Ralph Vaughan Williams
English Modern pastoralist rooted in folk song and Tudor polyphony
1872
1958
English
Modern
The Lark Ascending, Fantasia on a Theme by Thomas Tallis
Early life
Ralph Vaughan Williams was born on 12 October 1872 in Down Ampney, Gloucestershire, the son of a vicar. His family was distinguished — Charles Darwin was his great-uncle — and he received an excellent education at Charterhouse School, the Royal College of Music (where he studied with Hubert Parry and Charles Villiers Stanford), and Trinity College, Cambridge. Even after this extensive formal training, he felt his technique was incomplete and sought additional instruction from Max Bruch in Berlin in 1897 and, most significantly, from Maurice Ravel in Paris in 1908. Ravel, three years his junior, helped him achieve a lighter, more transparent orchestral texture.
Career and major works
From 1903 onwards, Vaughan Williams undertook extensive fieldwork collecting English folk songs in Norfolk, Sussex, and other rural counties, preserving melodies from elderly singers who were often the last people to remember them. This folk-song collecting — alongside his deep study of Tudor church music and the works of Purcell — shaped a musical language that was distinctively English yet never merely antiquarian. His orchestral works include the nine symphonies, ranging from the choral Sea Symphony (1910) to the bleak, visionary Sixth (1947) and the serene pastoral of the Third (1922). The Fantasia on a Theme by Thomas Tallis (1910), for double string orchestra and string quartet, is one of the most admired works of the twentieth century. The Lark Ascending (1914, revised 1920), a romance for violin and orchestra, has become one of the most popular works in the British concert repertoire.

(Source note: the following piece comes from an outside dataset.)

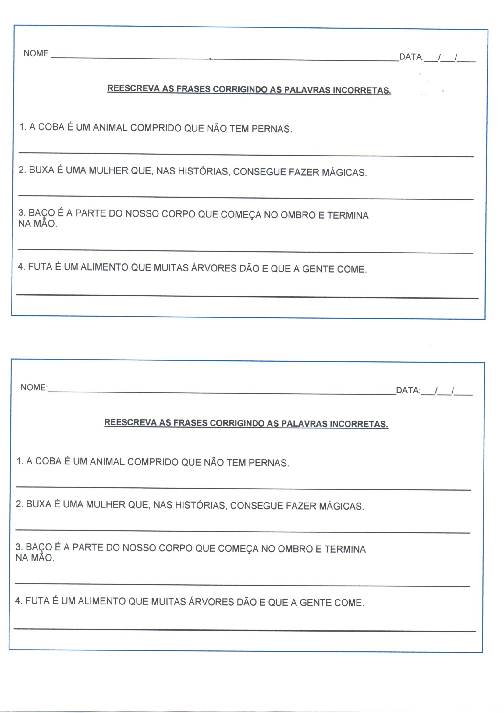 Os alunos poderão reescrever as frases no caderno substituindo os erros pelas palavras corretas.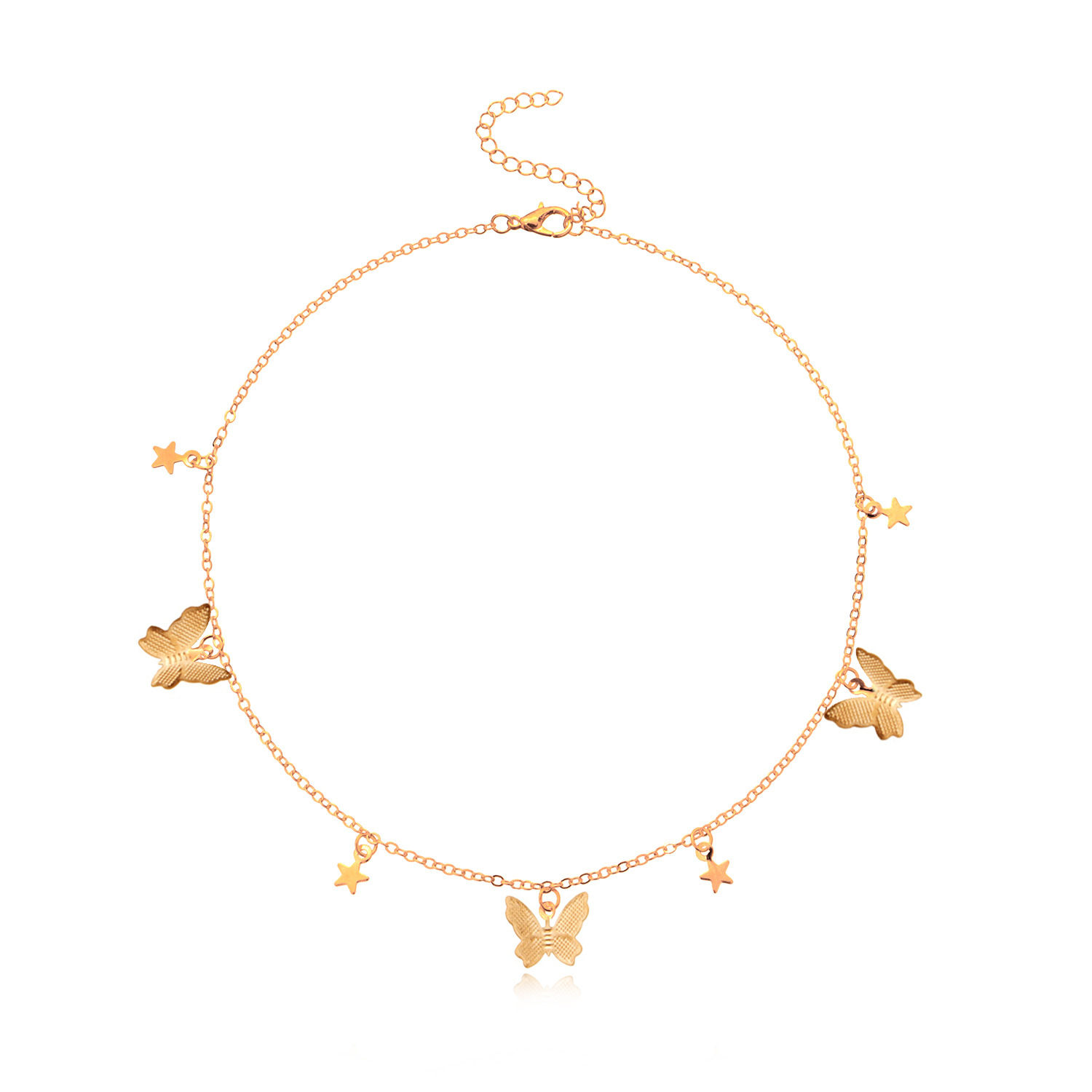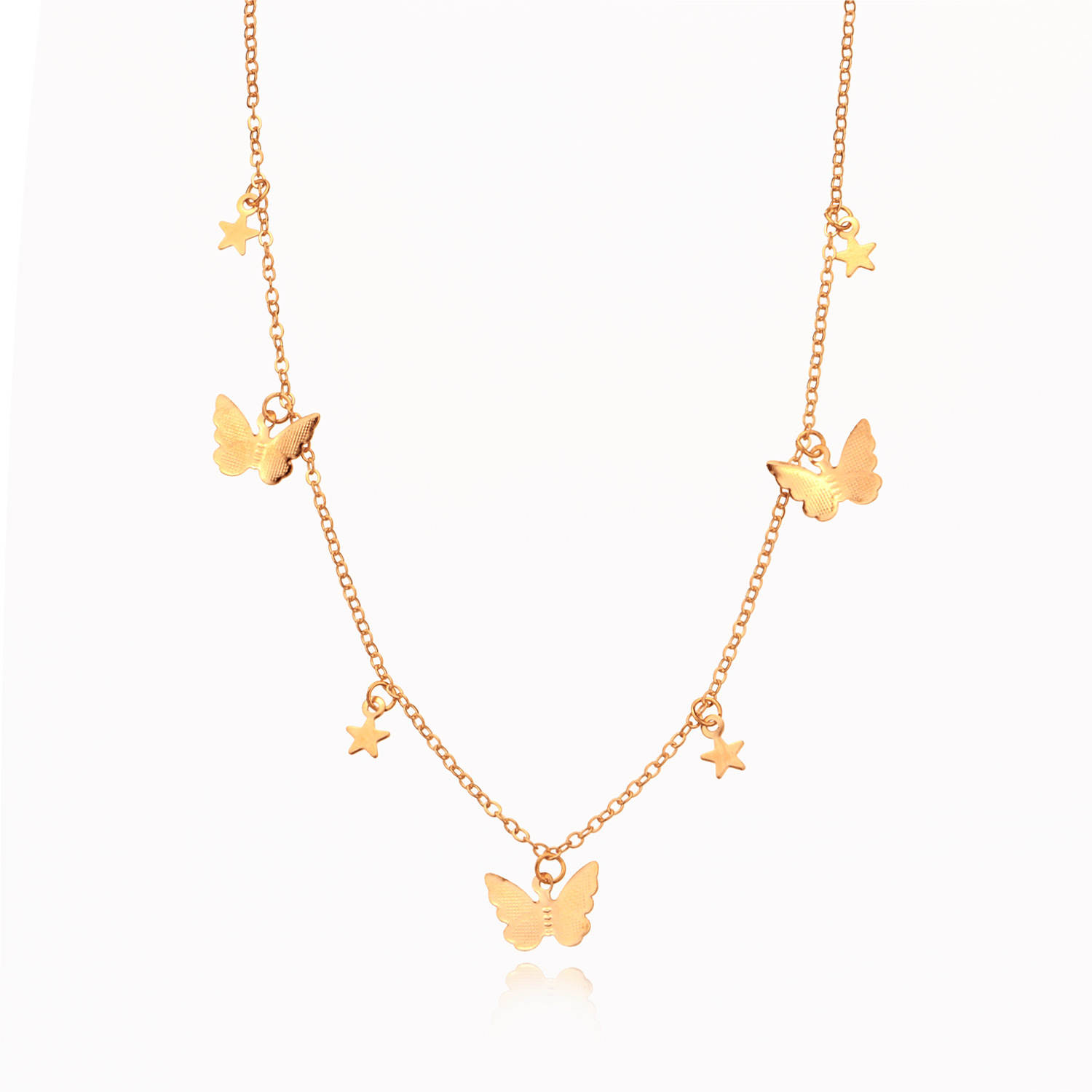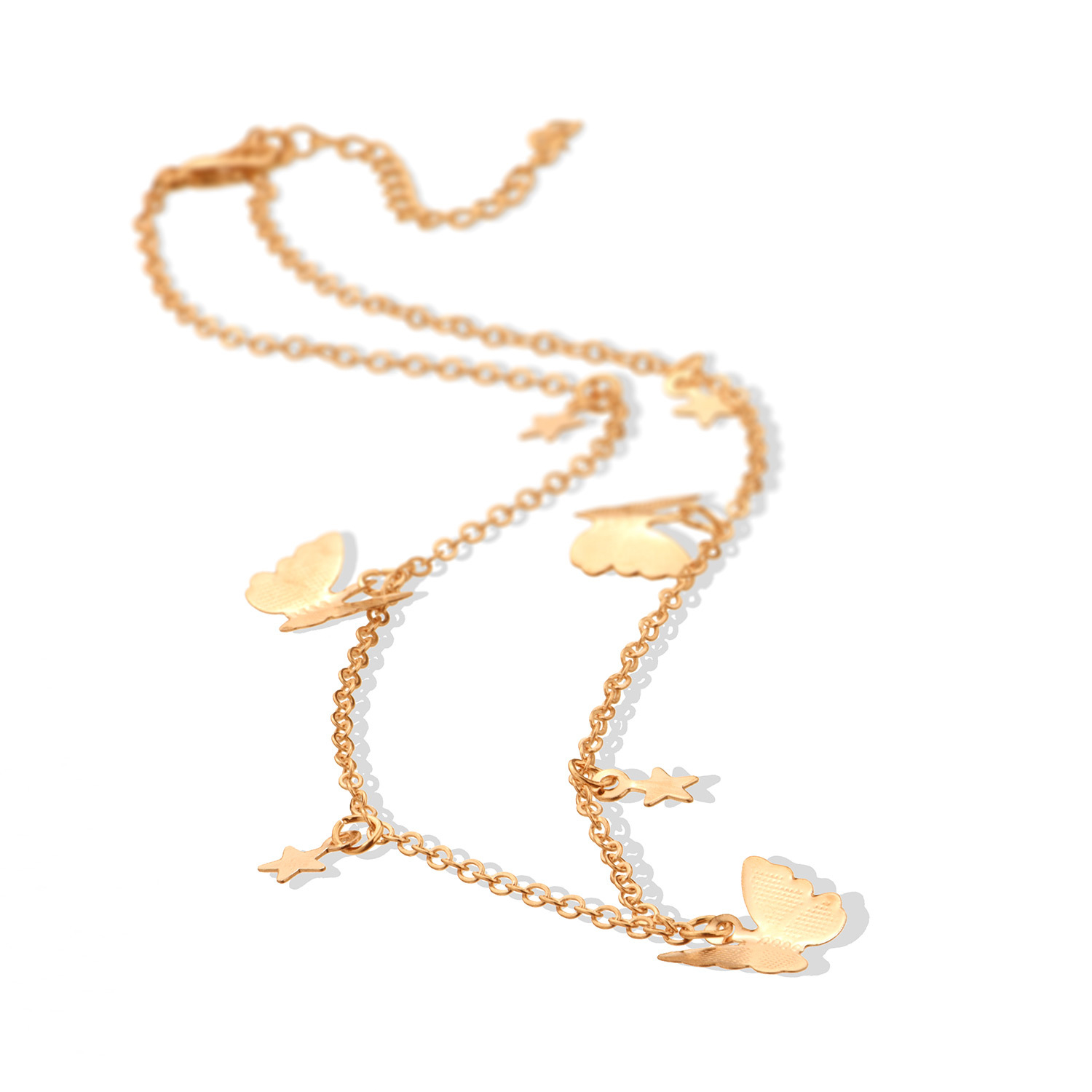 Lantisor delicat ce se aseaza la baza gatului. Lantul are un medalione in forma de steluta si fluture placate cu aur 18k.

His operas include Hugh the Drover (1924) and the Shakespearean Sir John in Love (1929), and his film scores, including Scott of the Antarctic (1948), demonstrate his gift for evocative pictorial music.
Musical style and legacy
Vaughan Williams's music is characterised by modal harmony derived from folk song and Tudor polyphony, broad melodic lines, and a rich but never overloaded orchestral texture. His influence on English music was immense, liberating British composers from the dominance of the Austro-German tradition. He died in London on 26 August 1958.